= What the task asks =
Below are entries. Give back exactly the lines from the one containing "- Maloney’s Route" through the one containing "Currently, we have", inclusive, without the pictures.

= Given data =
=====

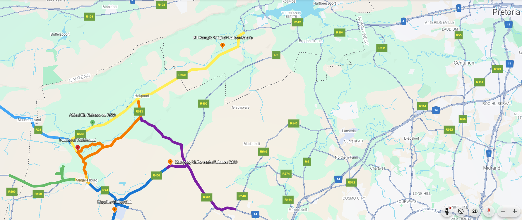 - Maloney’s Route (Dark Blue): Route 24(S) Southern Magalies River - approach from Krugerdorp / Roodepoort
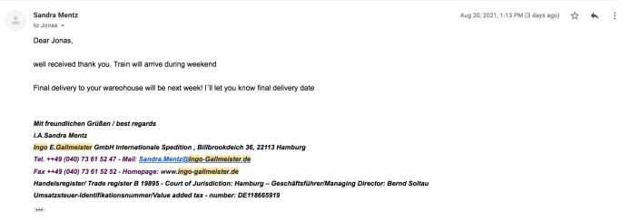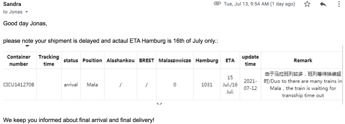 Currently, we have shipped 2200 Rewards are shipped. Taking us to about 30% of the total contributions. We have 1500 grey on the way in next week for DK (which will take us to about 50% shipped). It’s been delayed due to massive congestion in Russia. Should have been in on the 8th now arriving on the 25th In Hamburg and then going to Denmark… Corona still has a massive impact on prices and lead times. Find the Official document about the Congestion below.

=====

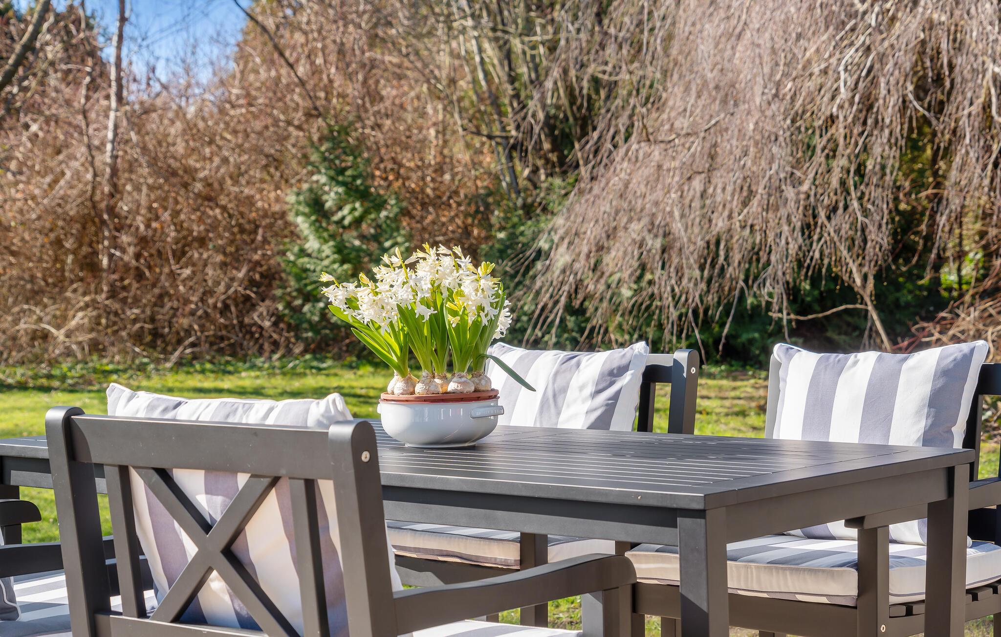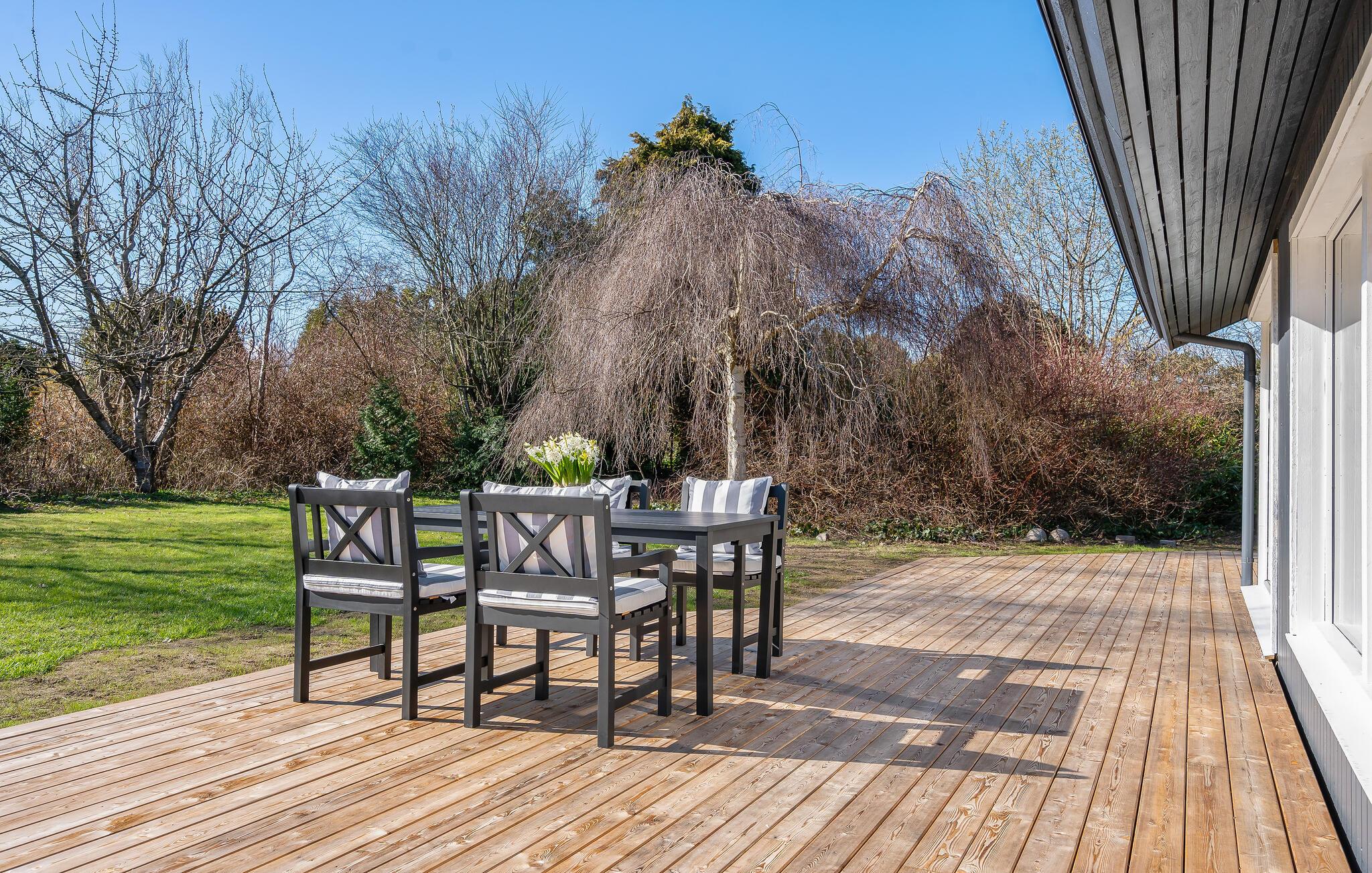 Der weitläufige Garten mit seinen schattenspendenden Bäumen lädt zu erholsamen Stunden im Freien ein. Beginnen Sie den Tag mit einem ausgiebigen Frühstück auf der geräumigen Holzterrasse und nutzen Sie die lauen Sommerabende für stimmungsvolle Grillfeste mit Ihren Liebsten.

=====

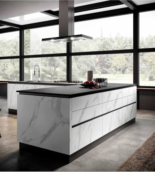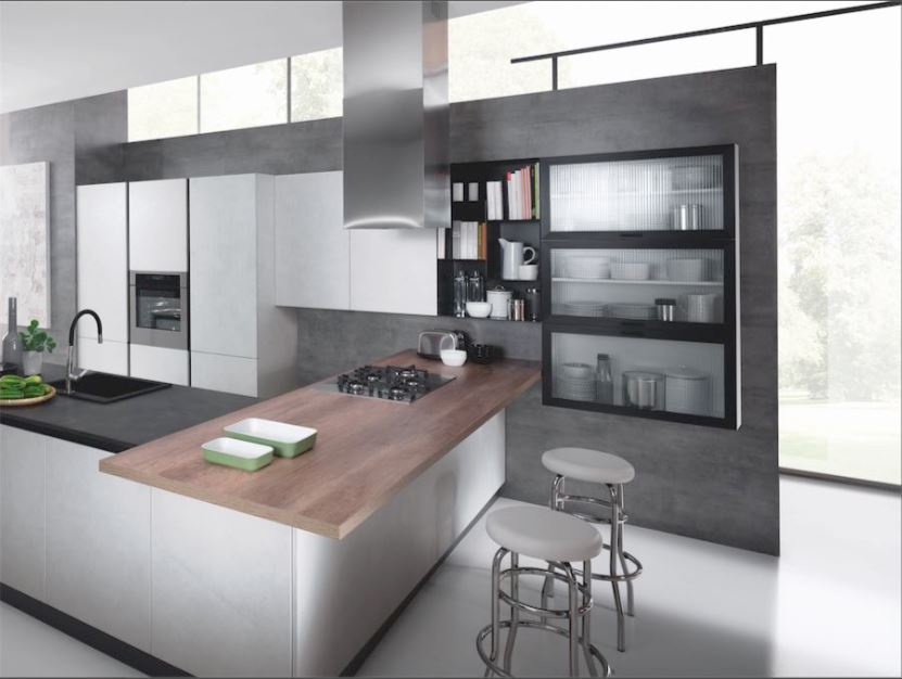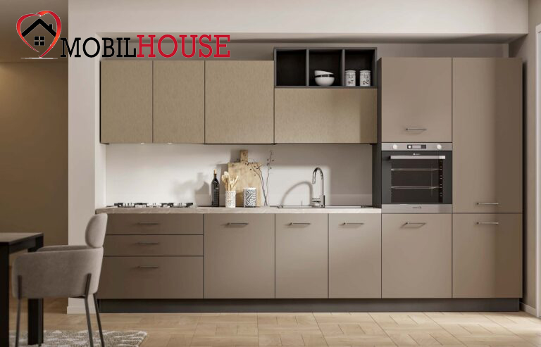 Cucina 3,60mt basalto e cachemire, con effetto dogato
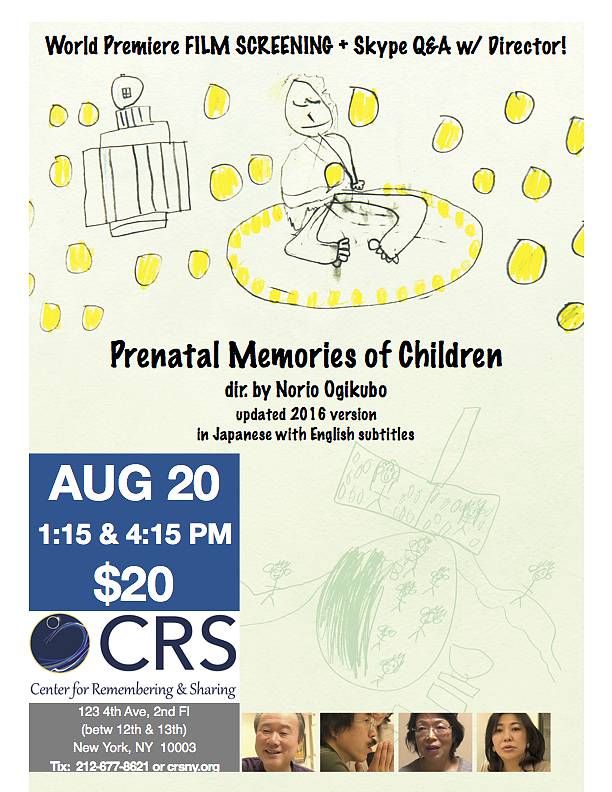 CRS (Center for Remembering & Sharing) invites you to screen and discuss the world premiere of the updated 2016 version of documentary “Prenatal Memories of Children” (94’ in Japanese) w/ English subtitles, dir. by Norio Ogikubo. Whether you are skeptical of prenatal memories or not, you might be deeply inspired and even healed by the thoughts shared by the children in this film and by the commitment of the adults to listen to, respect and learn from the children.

=====

= Expected output =
 - Maloney’s Route (Dark Blue): Route 24(S) Southern Magalies River - approach from Krugerdorp / Roodepoort
 Currently, we have shipped 2200 Rewards are shipped. Taking us to about 30% of the total contributions. We have 1500 grey on the way in next week for DK (which will take us to about 50% shipped). It’s been delayed due to massive congestion in Russia. Should have been in on the 8th now arriving on the 25th In Hamburg and then going to Denmark… Corona still has a massive impact on prices and lead times. Find the Official document about the Congestion below.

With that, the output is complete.